Evaluation of the Implementation of the Guide to Good Practices for Pain Assessment and Management as a Center Committed to Excellence in Care
Making pain visible: A study of pain recording in the electronic medical records of hospitalized patients
DOI:
https://doi.org/10.60108/yc9vsw92Keywords:
Pain measurement, Nursing care, Nursing Records, Practice Guidelines, InpatientsAbstract
Introduction: A hIgh incidence or inadequate management of pain during hospital admission can delay the patient´s funtional recovery and prolong the hospital stay. We used validated tools such as the EVA, PAINAD and FLACC scales from the Registered Nurses´Association of Ontario (RNAO) Pain Assesement and Management Guide.
Hypothesis and Objective: Hypothesis: Pain reporting varies according to the point of care and is associated with care planning.

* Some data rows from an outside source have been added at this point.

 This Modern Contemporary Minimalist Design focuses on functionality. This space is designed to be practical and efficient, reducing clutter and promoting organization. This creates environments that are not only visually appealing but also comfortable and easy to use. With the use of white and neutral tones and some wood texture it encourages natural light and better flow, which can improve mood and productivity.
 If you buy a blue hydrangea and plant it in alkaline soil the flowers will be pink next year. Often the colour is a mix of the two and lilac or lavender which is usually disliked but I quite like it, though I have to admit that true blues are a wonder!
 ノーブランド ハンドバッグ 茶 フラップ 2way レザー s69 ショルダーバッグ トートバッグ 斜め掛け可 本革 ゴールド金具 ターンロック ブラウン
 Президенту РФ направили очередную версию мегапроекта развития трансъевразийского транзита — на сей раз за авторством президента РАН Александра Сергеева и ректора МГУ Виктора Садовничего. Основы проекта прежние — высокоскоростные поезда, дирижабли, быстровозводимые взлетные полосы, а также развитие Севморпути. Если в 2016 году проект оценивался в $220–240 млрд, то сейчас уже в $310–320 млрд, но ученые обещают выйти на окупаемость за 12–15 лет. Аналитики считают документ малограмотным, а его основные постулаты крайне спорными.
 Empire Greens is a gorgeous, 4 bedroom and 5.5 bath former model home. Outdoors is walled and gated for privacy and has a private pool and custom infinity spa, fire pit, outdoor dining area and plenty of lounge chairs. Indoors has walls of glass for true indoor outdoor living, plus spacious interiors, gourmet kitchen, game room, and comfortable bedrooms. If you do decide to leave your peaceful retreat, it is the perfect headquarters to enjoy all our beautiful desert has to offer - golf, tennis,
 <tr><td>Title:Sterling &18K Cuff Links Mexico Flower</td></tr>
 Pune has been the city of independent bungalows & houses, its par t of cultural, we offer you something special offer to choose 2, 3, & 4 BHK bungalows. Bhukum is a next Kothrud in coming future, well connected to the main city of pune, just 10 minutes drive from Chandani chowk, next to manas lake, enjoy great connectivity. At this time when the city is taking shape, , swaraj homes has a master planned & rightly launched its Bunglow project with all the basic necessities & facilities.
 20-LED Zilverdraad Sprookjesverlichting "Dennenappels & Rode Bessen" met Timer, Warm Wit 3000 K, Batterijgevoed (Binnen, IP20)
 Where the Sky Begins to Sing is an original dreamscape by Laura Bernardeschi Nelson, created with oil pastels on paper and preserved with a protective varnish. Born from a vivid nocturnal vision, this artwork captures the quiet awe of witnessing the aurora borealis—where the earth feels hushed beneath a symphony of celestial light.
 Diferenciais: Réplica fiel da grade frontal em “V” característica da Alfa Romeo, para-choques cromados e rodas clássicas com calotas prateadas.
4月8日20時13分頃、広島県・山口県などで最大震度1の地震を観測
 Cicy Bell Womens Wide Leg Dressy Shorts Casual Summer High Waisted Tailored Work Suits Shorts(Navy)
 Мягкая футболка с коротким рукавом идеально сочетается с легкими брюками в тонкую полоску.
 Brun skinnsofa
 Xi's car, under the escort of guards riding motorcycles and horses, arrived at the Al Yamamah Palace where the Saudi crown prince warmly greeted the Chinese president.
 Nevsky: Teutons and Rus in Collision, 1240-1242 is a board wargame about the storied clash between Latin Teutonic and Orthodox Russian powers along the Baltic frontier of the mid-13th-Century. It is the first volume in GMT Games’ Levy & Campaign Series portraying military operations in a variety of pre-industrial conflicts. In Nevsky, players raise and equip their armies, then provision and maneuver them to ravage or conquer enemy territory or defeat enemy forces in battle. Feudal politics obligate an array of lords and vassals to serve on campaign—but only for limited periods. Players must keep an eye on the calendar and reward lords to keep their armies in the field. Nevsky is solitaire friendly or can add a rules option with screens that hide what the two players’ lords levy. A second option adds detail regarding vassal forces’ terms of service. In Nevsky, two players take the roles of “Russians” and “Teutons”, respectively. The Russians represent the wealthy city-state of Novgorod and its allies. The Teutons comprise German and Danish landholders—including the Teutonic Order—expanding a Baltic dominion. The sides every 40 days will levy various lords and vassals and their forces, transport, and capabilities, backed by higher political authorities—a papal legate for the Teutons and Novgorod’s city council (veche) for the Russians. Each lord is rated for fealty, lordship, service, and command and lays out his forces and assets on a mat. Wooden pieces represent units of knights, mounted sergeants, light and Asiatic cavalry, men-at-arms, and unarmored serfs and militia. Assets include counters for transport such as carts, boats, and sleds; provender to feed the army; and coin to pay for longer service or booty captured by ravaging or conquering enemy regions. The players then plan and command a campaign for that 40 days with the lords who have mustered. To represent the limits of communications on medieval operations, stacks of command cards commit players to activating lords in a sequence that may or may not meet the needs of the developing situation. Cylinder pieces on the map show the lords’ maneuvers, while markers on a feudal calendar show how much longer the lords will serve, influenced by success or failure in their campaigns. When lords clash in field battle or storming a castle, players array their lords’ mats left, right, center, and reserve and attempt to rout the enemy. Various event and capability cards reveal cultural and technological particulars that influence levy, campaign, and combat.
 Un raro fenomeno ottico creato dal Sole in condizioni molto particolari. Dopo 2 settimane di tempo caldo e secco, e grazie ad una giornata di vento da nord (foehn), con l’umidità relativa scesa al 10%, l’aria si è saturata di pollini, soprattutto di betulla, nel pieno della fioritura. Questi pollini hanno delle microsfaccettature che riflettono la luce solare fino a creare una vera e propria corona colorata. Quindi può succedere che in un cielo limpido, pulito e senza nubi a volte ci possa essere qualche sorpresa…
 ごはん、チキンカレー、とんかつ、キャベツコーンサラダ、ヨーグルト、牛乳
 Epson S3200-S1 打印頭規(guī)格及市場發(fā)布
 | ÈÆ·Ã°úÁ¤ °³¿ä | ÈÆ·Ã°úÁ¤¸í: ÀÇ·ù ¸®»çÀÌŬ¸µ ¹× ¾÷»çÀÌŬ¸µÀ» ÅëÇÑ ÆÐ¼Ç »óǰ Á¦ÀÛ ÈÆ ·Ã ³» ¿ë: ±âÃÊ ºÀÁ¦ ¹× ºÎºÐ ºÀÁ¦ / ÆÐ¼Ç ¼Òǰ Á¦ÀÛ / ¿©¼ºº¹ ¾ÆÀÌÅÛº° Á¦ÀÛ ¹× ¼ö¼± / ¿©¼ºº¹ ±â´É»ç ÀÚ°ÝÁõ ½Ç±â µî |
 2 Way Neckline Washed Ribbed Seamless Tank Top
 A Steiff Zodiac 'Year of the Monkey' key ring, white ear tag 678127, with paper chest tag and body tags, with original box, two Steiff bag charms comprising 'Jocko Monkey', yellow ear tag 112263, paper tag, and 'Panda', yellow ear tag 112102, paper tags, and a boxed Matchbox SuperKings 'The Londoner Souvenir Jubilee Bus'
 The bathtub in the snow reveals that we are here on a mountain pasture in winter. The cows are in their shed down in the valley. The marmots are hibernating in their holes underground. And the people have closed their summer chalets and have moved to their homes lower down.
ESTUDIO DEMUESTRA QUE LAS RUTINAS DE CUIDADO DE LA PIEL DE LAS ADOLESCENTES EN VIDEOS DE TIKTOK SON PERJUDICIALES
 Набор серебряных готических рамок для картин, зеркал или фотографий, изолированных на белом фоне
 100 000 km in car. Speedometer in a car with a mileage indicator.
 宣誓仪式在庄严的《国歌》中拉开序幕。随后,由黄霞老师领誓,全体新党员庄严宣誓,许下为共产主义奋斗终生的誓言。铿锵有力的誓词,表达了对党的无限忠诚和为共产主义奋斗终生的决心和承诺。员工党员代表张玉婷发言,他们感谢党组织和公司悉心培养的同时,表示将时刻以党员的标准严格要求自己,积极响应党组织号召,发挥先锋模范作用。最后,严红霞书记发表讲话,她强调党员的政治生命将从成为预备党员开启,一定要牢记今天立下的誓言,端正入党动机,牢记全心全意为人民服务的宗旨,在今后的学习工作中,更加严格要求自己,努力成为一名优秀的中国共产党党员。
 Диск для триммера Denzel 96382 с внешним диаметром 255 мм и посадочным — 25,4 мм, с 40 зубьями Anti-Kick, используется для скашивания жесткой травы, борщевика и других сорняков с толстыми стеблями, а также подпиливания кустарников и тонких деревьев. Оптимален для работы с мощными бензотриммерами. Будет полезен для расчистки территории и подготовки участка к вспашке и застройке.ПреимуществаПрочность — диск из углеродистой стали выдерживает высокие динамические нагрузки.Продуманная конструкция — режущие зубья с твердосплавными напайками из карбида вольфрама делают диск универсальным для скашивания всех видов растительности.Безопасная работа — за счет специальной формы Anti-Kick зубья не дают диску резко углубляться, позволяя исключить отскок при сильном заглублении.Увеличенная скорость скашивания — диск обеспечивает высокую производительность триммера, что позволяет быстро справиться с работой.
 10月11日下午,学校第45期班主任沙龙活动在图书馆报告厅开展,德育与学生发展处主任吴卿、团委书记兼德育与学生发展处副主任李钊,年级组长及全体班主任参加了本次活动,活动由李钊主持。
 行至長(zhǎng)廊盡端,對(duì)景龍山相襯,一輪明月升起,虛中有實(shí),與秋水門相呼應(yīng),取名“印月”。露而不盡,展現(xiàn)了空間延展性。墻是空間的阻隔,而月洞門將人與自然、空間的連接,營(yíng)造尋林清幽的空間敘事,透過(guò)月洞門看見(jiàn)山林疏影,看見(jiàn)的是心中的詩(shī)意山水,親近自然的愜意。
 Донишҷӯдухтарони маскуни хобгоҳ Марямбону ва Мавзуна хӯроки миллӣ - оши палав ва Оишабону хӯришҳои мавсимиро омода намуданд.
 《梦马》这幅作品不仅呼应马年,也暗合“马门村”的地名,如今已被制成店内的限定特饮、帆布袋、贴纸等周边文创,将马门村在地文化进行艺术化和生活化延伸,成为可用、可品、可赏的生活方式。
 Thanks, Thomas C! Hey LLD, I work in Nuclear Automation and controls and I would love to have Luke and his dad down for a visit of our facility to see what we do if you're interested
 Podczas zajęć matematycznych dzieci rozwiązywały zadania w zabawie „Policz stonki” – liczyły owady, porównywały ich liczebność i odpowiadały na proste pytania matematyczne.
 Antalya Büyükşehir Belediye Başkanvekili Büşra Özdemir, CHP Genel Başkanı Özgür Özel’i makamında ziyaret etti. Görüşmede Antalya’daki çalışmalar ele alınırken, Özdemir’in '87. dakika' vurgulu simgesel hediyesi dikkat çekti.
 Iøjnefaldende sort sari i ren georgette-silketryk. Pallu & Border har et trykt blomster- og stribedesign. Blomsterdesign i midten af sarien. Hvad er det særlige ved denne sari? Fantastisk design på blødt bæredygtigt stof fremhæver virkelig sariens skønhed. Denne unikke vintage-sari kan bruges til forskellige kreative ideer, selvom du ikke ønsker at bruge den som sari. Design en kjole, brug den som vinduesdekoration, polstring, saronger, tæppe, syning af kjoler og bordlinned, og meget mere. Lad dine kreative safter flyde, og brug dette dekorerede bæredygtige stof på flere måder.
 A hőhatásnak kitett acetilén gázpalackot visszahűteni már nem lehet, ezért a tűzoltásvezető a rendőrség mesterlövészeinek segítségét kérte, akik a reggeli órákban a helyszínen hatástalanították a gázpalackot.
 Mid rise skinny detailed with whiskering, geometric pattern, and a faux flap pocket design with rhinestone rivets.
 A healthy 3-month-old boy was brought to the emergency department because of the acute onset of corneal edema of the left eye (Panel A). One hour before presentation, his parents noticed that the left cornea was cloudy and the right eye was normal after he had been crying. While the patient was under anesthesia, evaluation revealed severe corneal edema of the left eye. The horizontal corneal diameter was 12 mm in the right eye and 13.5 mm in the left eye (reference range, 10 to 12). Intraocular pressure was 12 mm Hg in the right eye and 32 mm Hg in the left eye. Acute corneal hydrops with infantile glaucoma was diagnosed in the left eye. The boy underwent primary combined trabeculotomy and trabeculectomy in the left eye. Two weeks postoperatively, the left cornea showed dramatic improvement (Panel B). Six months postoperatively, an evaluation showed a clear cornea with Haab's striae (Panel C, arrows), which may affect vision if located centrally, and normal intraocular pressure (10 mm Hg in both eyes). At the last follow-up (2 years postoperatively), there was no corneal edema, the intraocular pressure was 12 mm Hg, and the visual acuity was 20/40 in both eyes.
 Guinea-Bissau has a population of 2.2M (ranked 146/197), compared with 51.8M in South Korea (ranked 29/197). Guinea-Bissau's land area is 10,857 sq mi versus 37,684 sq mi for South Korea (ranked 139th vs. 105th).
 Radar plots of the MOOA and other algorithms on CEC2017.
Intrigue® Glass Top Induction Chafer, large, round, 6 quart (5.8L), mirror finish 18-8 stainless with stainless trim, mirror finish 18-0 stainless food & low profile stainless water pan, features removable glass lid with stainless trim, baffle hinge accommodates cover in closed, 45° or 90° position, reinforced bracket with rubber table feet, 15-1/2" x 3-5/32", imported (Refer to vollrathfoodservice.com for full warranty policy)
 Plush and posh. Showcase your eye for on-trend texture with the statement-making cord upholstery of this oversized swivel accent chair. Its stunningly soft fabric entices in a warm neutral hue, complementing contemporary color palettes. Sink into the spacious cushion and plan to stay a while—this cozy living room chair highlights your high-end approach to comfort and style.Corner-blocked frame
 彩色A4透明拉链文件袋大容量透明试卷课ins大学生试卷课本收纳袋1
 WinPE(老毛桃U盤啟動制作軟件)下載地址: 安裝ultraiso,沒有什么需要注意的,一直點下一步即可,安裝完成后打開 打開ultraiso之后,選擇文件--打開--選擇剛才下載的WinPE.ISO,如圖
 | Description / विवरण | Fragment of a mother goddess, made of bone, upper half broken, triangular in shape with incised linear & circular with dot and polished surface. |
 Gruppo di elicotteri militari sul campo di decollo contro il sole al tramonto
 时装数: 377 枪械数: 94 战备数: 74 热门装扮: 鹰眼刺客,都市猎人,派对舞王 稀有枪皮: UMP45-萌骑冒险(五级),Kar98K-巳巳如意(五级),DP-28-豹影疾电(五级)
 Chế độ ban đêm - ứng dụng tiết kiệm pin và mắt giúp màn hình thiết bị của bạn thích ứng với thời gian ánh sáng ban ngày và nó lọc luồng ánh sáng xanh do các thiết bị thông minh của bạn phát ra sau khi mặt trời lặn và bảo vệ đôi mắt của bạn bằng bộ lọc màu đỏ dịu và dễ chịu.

Objective: To analyze pain reporting in hospitalized patients between 2022 and 2024 according to sociodemographic variables and point of care, as well as its relationship with the presence of care plans.
Material and Methods: Retrospective observational, descriptive, and analytical study of hospitalized patients (2022-2024) using consecutive sampling. Age, gender, pain
reporting at different points of care, and care plans were analyzed using CarEvid and SELENE data.
Results obtained: The population was homogeneous in age and gender, An improvement in pain reporting was observed, especially in response to changes in clinical status (21,23% in 2022 vs 99% in 2023-2024), as well as an increase in pain-related care plans compared to the initial year, reflecting greater integration of the guideline into clinical practice.
Discussion: An improvement in pain recording and care planning was observed after the implementation of the best practice guideline. Chronic pain showed greater variability in its assessment and reassessment, indicating the need to reinforce specific strategies for its appropriate management.